AzhureRaven
/

rico-diffusion

+---
+license: creativeml-openrail-m
+language:
+- en
+library_name: diffusers
+pipeline_tag: text-to-image
+inference:
+  parameters:
+    width: 384
+    height: 640
+    clip_skip: 2
+    guidance_scale: 7.5
+    num_inference_steps: 20
+widget:
+  - text: "red Toolbar Upper Top containing Text Left Login inside and white Input Upper Top and white Input Lower Top and red Button login Upper Middle, Android UI, Medical, white background"
+---
+# Rico Diffusion V0.5 Model Card
+This is a final project of mine where I fine-tuned a Stable Diffusion 1.5 model to create Android Mockups at 384x640 with GLIGEN (https://gligen.github.io) to control UI component positions. However, there are designs at 448x576 primarily modal dialogs.

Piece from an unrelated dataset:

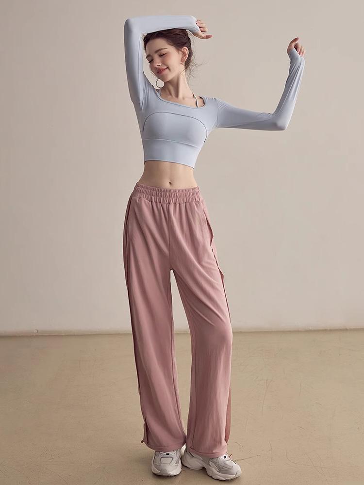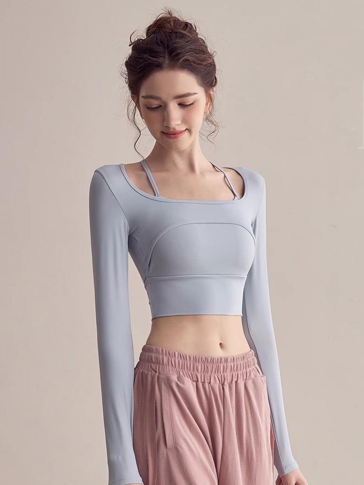 KAYANTY 여성용 고급 요가 상의 가슴 패드가 있는 가짜 2피스 피트니스 긴팔 홀터넥 요가복 짧은 새 상품

+I used EveryDream2 (https://github.com/victorchall/EveryDream2trainer) to fine-tune the model on the Rico Dataset (http://www.interactionmining.org/rico.html) of UI Screenshots where I wrote a Python script to parse over the Semantic Annotations part of the dataset to create the captions for each screenshot as well as using the Play Store and UI Metadata to use the app categories as extra tags. I have also cropped each UI component of a given screenshot (with exceptions) and labeled them accordingly so that I can train the model on individual components first before going for the whole screenshot.

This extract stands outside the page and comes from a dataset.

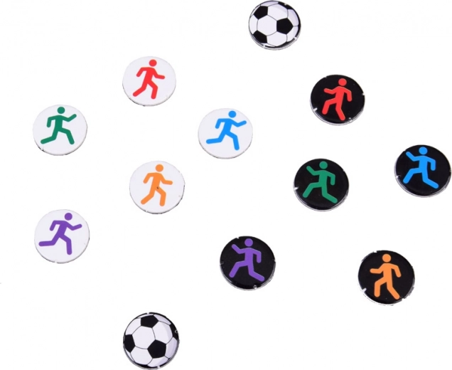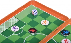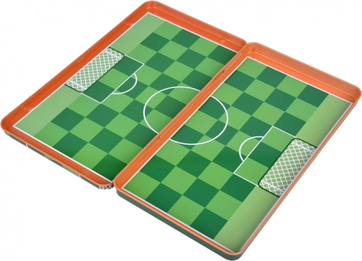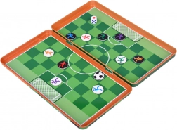 Magnetisch voetbal is de ideale keuze voor plezier onderweg. Dit spel biedt een compact formaat, een metalen bord en magnetische figuren voor gemakkelijk en comfortabel spelen. Spelers wisselen hun beurten af, verplaatsen hun figuren over het bord, springen over tegenstanders en proberen doelpunten te scoren vanaf de strafruimte. De eerste speler die 3 doelpunten scoort, wint. Geschikt voor alle leeftijden die van voetbal houden.

+In other words, I use a Python script run in Colab to process the Rico dataset into a new dataset containing UI Screenshots and their captions alongside individual UI components with their captions. I primarily split the individual components into two groups for the training process based on the total pixel count of 512x512 = 262,144; components smaller than the threshold are grouped into the small component group, whereas components bigger than that are in the big component group. The model is trained on those groups separately before finally training on the full UIs.
+# Training
+I did 6 training sessions for 20 epochs, taking approximately 138.5 hours to train on an NVIDIA GeForce RTX 3060 12GB. I had to split the small components into 4 parts due to the size (571.5k data) freezing the computer and are trained at batch size 7 and resolution 384 for 4 sessions, the first for 3 epochs and the rest for 2 epochs. The model is then trained on the big components (34.5k data) at batch size 5 and resolution 448 for 6 epochs and finally on the full UIs (65.5k data) at batch size 4 and resolution 512 for 5 epochs. I first did the final session with validation before backing up and redoing it without it to have the model trained on all of the UIs.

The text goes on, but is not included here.